:: PROVIDED DATA ::

▽

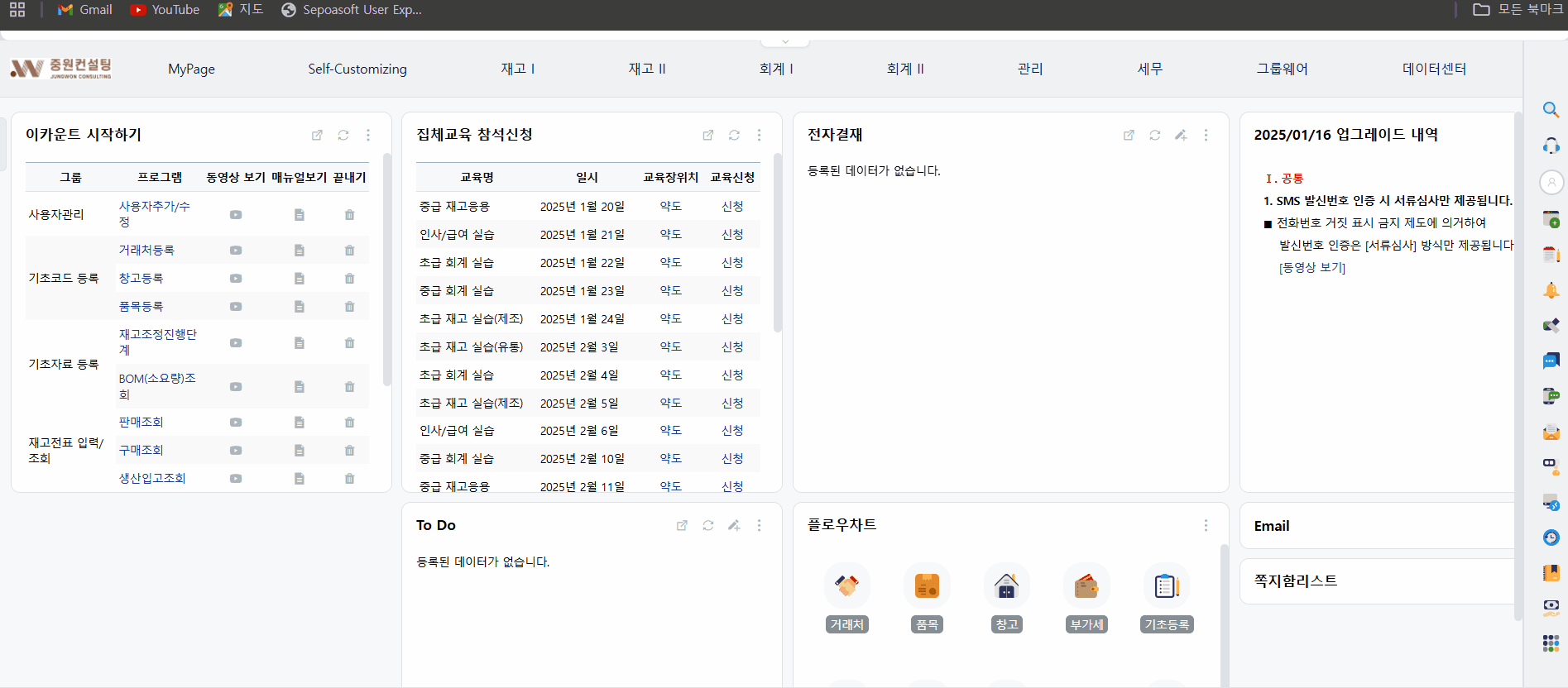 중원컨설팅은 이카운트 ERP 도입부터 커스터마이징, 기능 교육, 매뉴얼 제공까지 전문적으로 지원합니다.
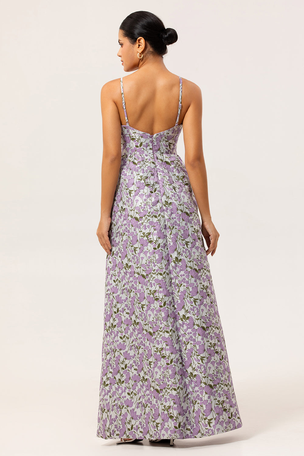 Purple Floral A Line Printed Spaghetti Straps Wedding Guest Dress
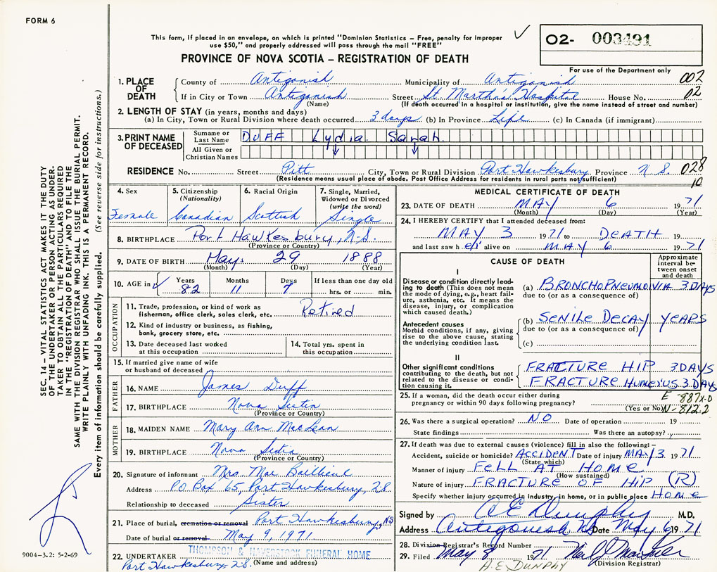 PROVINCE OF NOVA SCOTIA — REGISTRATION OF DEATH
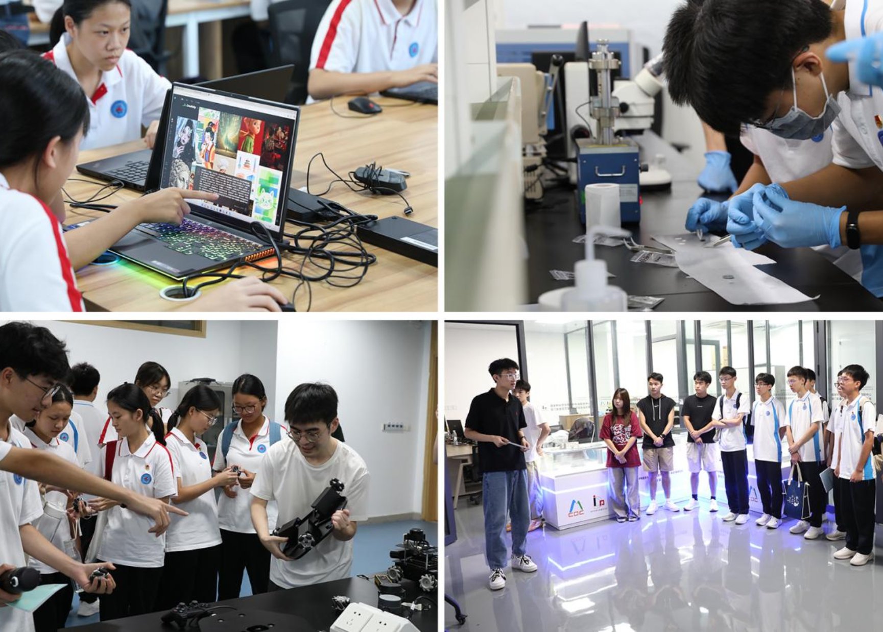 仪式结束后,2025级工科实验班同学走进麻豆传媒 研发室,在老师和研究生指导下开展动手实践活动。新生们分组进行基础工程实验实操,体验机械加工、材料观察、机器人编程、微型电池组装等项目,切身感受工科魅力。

△

:: EXERCISE DETAILS ::
Set down the material above exactly as it reads, but not its pictures.

:: RESULT FOR THIS EXERCISE ::
 중원컨설팅은 이카운트 ERP 도입부터 커스터마이징, 기능 교육, 매뉴얼 제공까지 전문적으로 지원합니다.
 Purple Floral A Line Printed Spaghetti Straps Wedding Guest Dress
 PROVINCE OF NOVA SCOTIA — REGISTRATION OF DEATH
 仪式结束后,2025级工科实验班同学走进麻豆传媒 研发室,在老师和研究生指导下开展动手实践活动。新生们分组进行基础工程实验实操,体验机械加工、材料观察、机器人编程、微型电池组装等项目,切身感受工科魅力。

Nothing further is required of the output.